Earlier this month, the Malawi Constitutional Court nullified the May 2019 presidential elections and ordered a fresh poll within 5 months. At the outset, I propose that the Law Society of Kenya organise a symposium to deliberate on the case because it has fresh perspectives on electoral law and electoral dispute resolution principles.
And as the BBI heads towards constitutional amendments, there are valuable lessons that can be learnt from the way the case was prosecuted and determined that may inform changes on the management of presidential petitions in Kenya. Doubtless, the nullification by the Kenyan Supreme Court of the 2017 elections gave the impetus to the Malawi decision. While Kenya was the first significant democracy to overturn a presidential poll, it opened a door and Malawi is undoubtedly only one in a long list of courts that will nullify presidential elections. Of course, this trend has several problems.
Firstly, elections are not an exact and perfect science. In the nature of things, all manner of errors in the electoral process will occur, some deliberately but some out of honest human failure and capacity challenges. The standards set by the Kenyan and Malawi courts will increasingly test the validity of presidential poll due to its magnitude and the capacity of poll officials.
At the back of our minds, we must remember that elections are not just destabilising and expensive but that repeat polls can cause irredeemable damage on an economy. They must therefore be reserved for the most extreme of cases. Back to the lessons to learn.
Kenya’s resolution of presidential election disputes has one major positive when compared to Malawi. The petition is disposed off quickly by the highest court before the president is sworn-in. The advantage of this scenario is that the anxiety and instability that comes from not knowing who will be the ultimate head of the country is reduced. Malawi had its elections in May 2019.

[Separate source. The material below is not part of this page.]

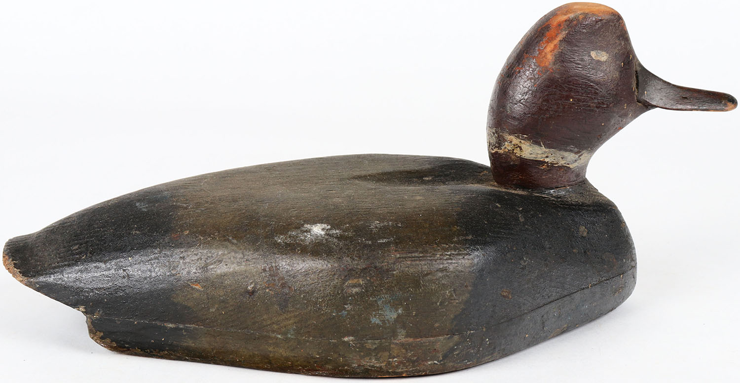Redhead Drake by unknown maker, painted eyes, hollow wood, head is loose, repainted. Grade: Very Good + - Value: 50 to 100
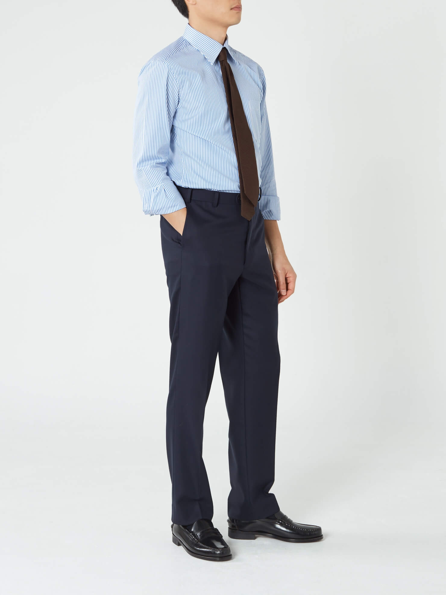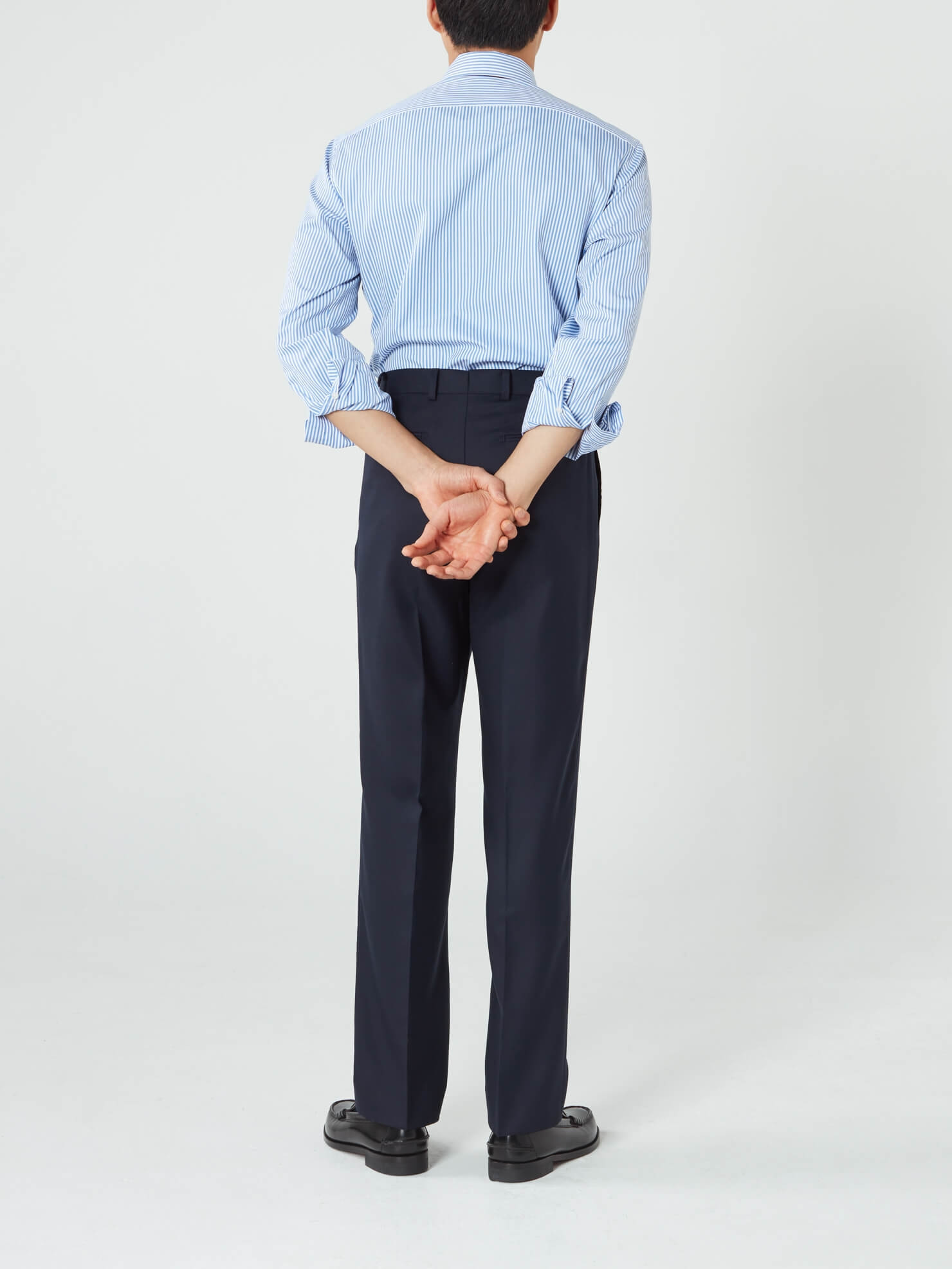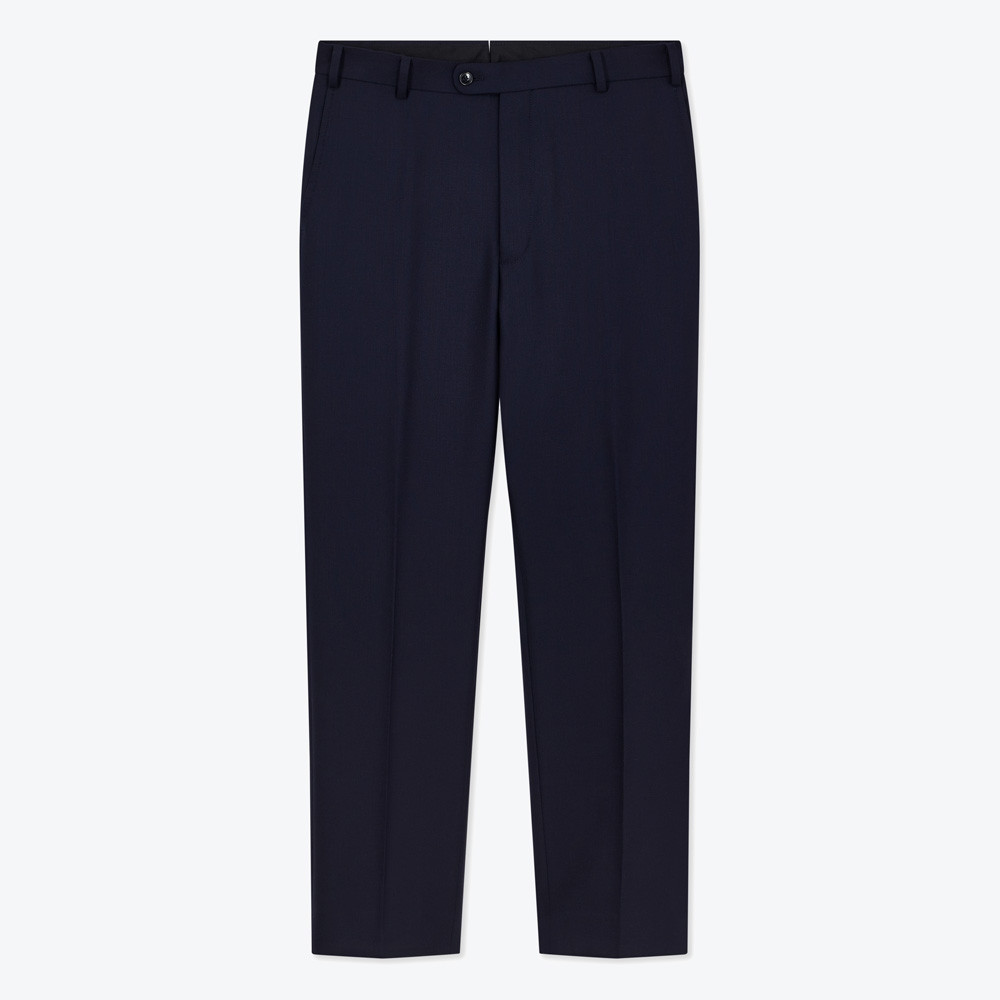 Classic navy wool trousers- Classic pants without pleats, belt loops, slanted side pockets, two welt pockets with buttons in the back, simple bottom without cuffs.

President Mutharika has been in office for the last eight months and will continue to be until the appeal is concluded. By the time the matter settles, the nation will have been in uncertain waters for up to two years. That cannot be healthy. Having said that, a reading of the Malawi judgement evidences a better management of the case due to the liberal timelines allowed by their law. The parties called witnesses who were subjected to vigorous examination. There was extensive review of the documentary evidence. This is unlike Kenya where the timelines are so short that the parties hardly have time to file the entire case and neither are they permitted to call witnesses. Kenya needs to rethink its timelines to allow a full review of the petition without compromising certainty. Justice must not only be done but must be seen to be done.
Ultimately, however, the decisions by the two courts have affirmed one thing; election managers have a higher duty in managing an election. The Kenya and Malawi courts pointed to a greater focus on what Malawi called an “undue election”; the qualitative component of an election; throwing away the old assumption that as long as the numbers were not overtly affected by the irregularities, an election was valid. The quality of the election matters. The difference in the Kenyan decision is that the findings on the qualitative aspects of the election had a weak foundation. The court relied more on conjecture than evidence.
In Malawi, the evidence was overwhelming. It was clear that the “tippexing” of the result forms left many aspects of the results tainted and that there were many unexplained results which did not emanate from the statutory forms. Overall these judgments place a heavy burden not just on election managers but on all participants in an election, winners particularly the potential winners, to ensure that a win is not compromised by irregularities. This can only be good for the acceptability of election results. Whether we have the will and the capacity to achieve this standard, only time will tell. Until then, I can see many election re-runs in this part of the world.